Olea europaea-Ceratonia siliqua-Wald: Mediterrane Wildbaumgesellschaften im Fokus

Olea europaea-Ceratonia siliqua-Wälder (EUNIS G2.4) sind lichte, von Wildem Olivenbaum (Olea europaea var. sylvestris) und Johannisbrotbaum (Ceratonia siliqua) dominierte Baumformationen der thermo-mediterranen Zone. Sie gelten nach der Europäischen Roten Liste der Habitate als ungefährdet (Least Concern) und sind als FFH-Lebensraumtyp 9320 europaweit geschützt.

Einordnung

Originalbezeichnung
Olea europaea-Ceratonia siliqua woodland
EUNIS
G2.4 – Olive - carob woodland
EU-28
Least Concern
EU-28+
Least Concern
FFH-Anhang I
9320 – Olea and Ceratonia forests

Das Wichtigste in Kürze

Bei den Olea europaea-Ceratonia siliqua-Wäldern handelt es sich um einen seltenen, meist lichten Waldtyp der thermo-mediterranen Region. Die Baumschicht wird geprägt von Wildem Olivenbaum (Olea europaea var. sylvestris) und Johannisbrotbaum (Ceratonia siliqua), begleitet von immergrünen Sträuchern wie Mastixstrauch und Myrte. In der EUNIS-Klassifikation wird der Lebensraum als G2.4 – Olive-carob woodland geführt; im Anhang I der FFH-Richtlinie trägt er den Code 9320 (Olea and Ceratonia forests). Auf europäischer Ebene stuft die Rote Liste den Biotoptyp als ungefährdet (Least Concern) ein. Erhaltene Bestände finden sich noch in Teilen Südeuropas, Nordafrikas und auf den Kanaren – vornehmlich dort, wo alte agropastorale Nutzungsformen eine parkartige Waldstruktur (Dehesas) begünstigen.
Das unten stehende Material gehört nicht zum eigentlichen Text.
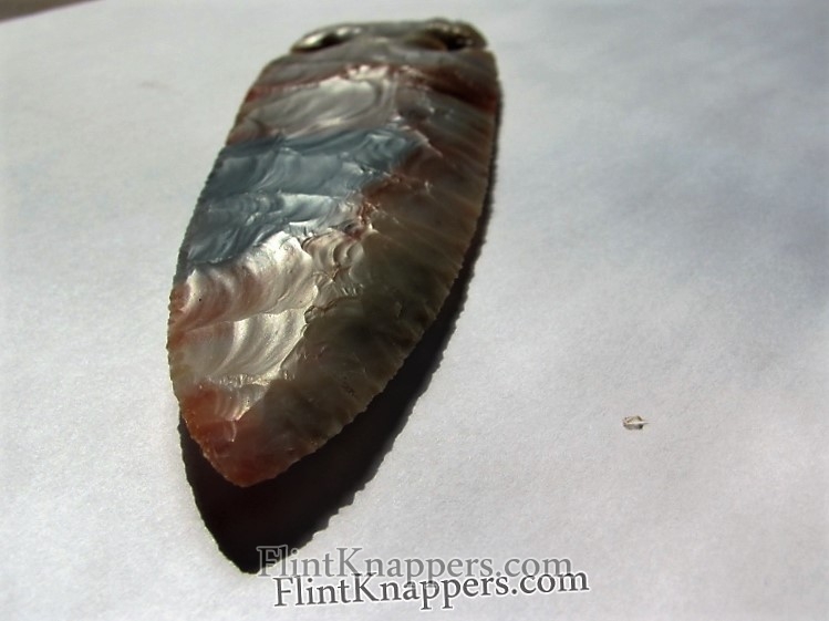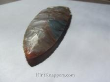 This is a gorgeous E-Notch in classic Ohio Flintridge flint, and the stone absolutely steals the show. Sweeping bands of burnt orange, caramel, and creamy white flow across the blade, meeting a striking pool of blue-gray chert near the tip — the kind of color variation that makes Flintridge one of the most sought-after knapping materials in North America.
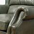 Роскошь натуральной кожи обивки подчеркнута металлическими гвоздиками. В конструкцию кресла входит пружинная система. Она долговечна, выдерживает большие нагрузки и подстраивается под форму тела.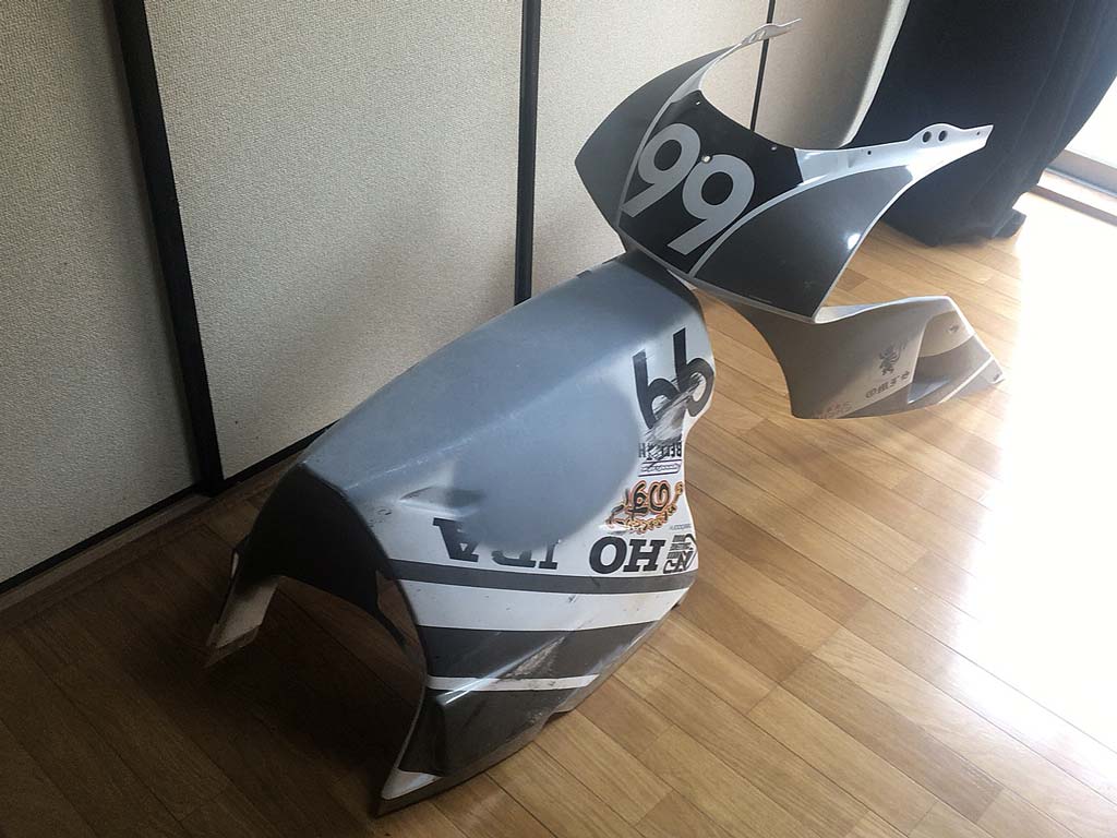 もひさんは少し前にジャガイモ工場(FRPの方)にカウルの補修とモディファイを依頼していて、主にナックルの粉々になっている部分の修理と、アンダーカウルの分割する場所を変更するっていうような内容だったと思うのだけど、それが終わったっていうことで僕がカウルを預かってたんですね。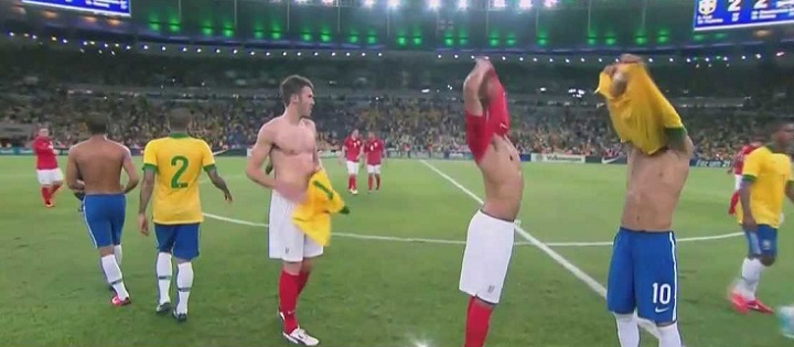 Репрезентативец на Англија и фудбалер од Премиер-лигата не смее да моли противнички играч за дрес, па макар тоа бил и Нејмар, се коментарите на британските медиуми, по потегот што го направи Оксладе Чембрлен во дуелот со Бразил синоќа. Камерите го фатија фудбалерот на Арсенал, на 20 минути до крајот на мечот, како го „моли“ Нејмар да ги сменат дресовите по натпреварот.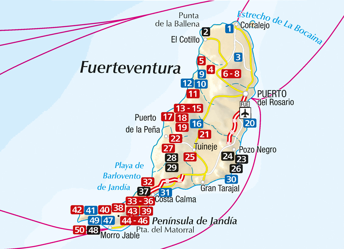 - Die nördlichen Regionen von Fuerteventura beeindrucken mit wunderschönen Dünenlandschaften, die Inselmitte lockt mit ockergelben Hügelketten und schwarzen Lavasandbuchten und im Süden liegt mit dem Pico de la Zarza (812 m) die höchste Erhebung der Insel, dazu locken traumhafte Sandstrände

Was zeichnet den Olea-Ceratonia-Wald aus?

Das Erscheinungsbild dieser Wälder ist variabel: Nur wenige Bestände erreichen einen geschlossenen Kronenschluss, der den Kriterien eines echten Waldes genügt. Oft stehen die knorrigen Olivenbäume und Johannisbrotrinden locker in einer Strauchmatrix, die fließende Übergänge zur mediterranen Macchie (EUNIS F5.1/2) erkennen lässt. Entscheidend für die Zuordnung zur Waldformation ist ein ausreichend hohes und geschlossenes Kronendach, das sich von reinen Gebüschgesellschaften abhebt. Die typische Artenzusammensetzung umfasst:

  • Baumschicht: Olea europaea var. sylvestris, Ceratonia siliqua, Pistacia lentiscus (als Baumfacies), gelegentlich Pistacia atlantica (Kanaren).
  • Strauchschicht: Myrtus communis, Pistacia lentiscus, Phillyrea latifolia, Arbutus unedo, Juniperus oxycedrus, J. phoenicea, Rhamnus alaternus, Rosmarinus officinalis, Quercus coccifera, Smilax aspera.
  • Krautige Begleiter: Asphodelus ramosus, Brachypodium retusum, Teucrium flavum, Thymus vulgaris, Arisarum vulgare, Urginea maritima u.v.m.

Die enge Verwandtschaft zur Macchie ist kein Zufall: Beide Biotoptypen teilen zahlreiche Arten und gehen in ungestörten Sukzessionsabfolgen ineinander über.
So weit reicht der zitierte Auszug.